Defesa de dissertação (13/09/2023): Jéssica da Silva Costa 

Discente: Jéssica da Silva Costa

Título: Métodos Baseados em Homologia e Aprendizado de Máquina para Identificação de Proteínas Essenciais

Orientadora: Kele Teixeira Belloze

Banca: Kele Teixeira Belloze (CEFET/RJ), Eduardo Bezerra (CEFET/RJ), Diogo Antonio Tschoeke (Coppe/UFRJ), Victor Ströele de Andrade Menezes (UFJF)

Dia/hora: 13 de setembro de 2023, às 8:00.

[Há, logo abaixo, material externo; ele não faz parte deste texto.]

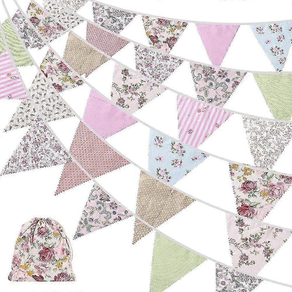 40Ft Fabric Bunting, 42Pcs Outdoor Bunting Banner,Floral Vintage Cotton Triple-cornered Flag for Ga Walkbee A-F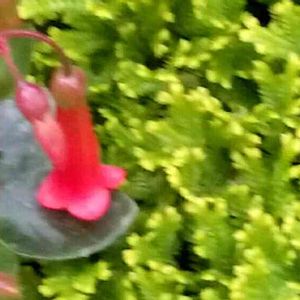 カランコエの紅いランプと何でしょうね?ふかふかの緑(❁´ω`❁)

Link da sala: https://teams.microsoft.com/l/meetup-join/19%3a8bd040fc5e004447b6a1fa09484d81d0%40thread.tacv2/1694208843103?context=%7b%22Tid%22%3a%228eeca404-a47d-4555-a2d4-0f3619041c9c%22%2c%22Oid%22%3a%22d0ca0ae9-1955-4759-a7ad-0b2fa49dbe55%22%7d

Resumo: 

O desenvolvimento de um fármaco costuma ser um processo complexo e demorado. Principalmente na fase inicial, a seleção de um alvo para desenvolvimento de fármacos pode demorar muitos anos. Genes e proteínas essenciais são entidades biológicas responsáveis por processos biológicos de sobrevivência e reprodução dos organismos. Genes e proteínas com relação de ancestralidade, em organismos de espécies diferentes, costumam conservar a função. Além disso, estudos indicam que genes essenciais tendem a ter maior expresão e codificam proteínas  que se envolvem em mais interações proteína-proteína. Todas essas características tornam proteínas  essenciais potenciais alvos de fármacos. Muitos trabalhos na literatura propõem abordagens biológicas e computacionais para identificação de essencialidade. Diante disso, este trabalho apresenta dois workflows para identificação de características de essencialidade em proteínas  para alvos de fármacos do organismo alvo S. mansoni. Para isso foram abordados um método baseado em homologia e outro método baseado em aprendizado
de máquina com os organismos modelos modelo S. cerevisiaeC. elegans e D. melanogaster. O método baseado em homologia identificou cerca de 11 proteínas  candidatas a essenciais com o grupo de organismos modelo e o organismo S. mansoni. Entre os pares, a maior quantidade de candidatas foi com S. cerevisiae onde foram identificadas 726 proteínas  candidatas a essenciais. Já o método baseado em aprendizado de máquina, experimentos realizados com três algoritmos baseados em árvore, com caracteríssticas baseadas em contexto (PPI) e baseadas em sequência, apontaram melhores valores de recall com o uso da técnica de Undersampling. Em termos quantitativos,cerca de 4000 proteínas foram preditas como essenciais nos algoritmos XGBoost e GradientBoosting e 3800 proteínas  para o algoritmo Random Forest. Cerca de 3300 proteínas  foram preditas como essenciais pelos três algoritmos trabalhados, o que demonstrou certa semelhança entre os resultados dos algoritmos.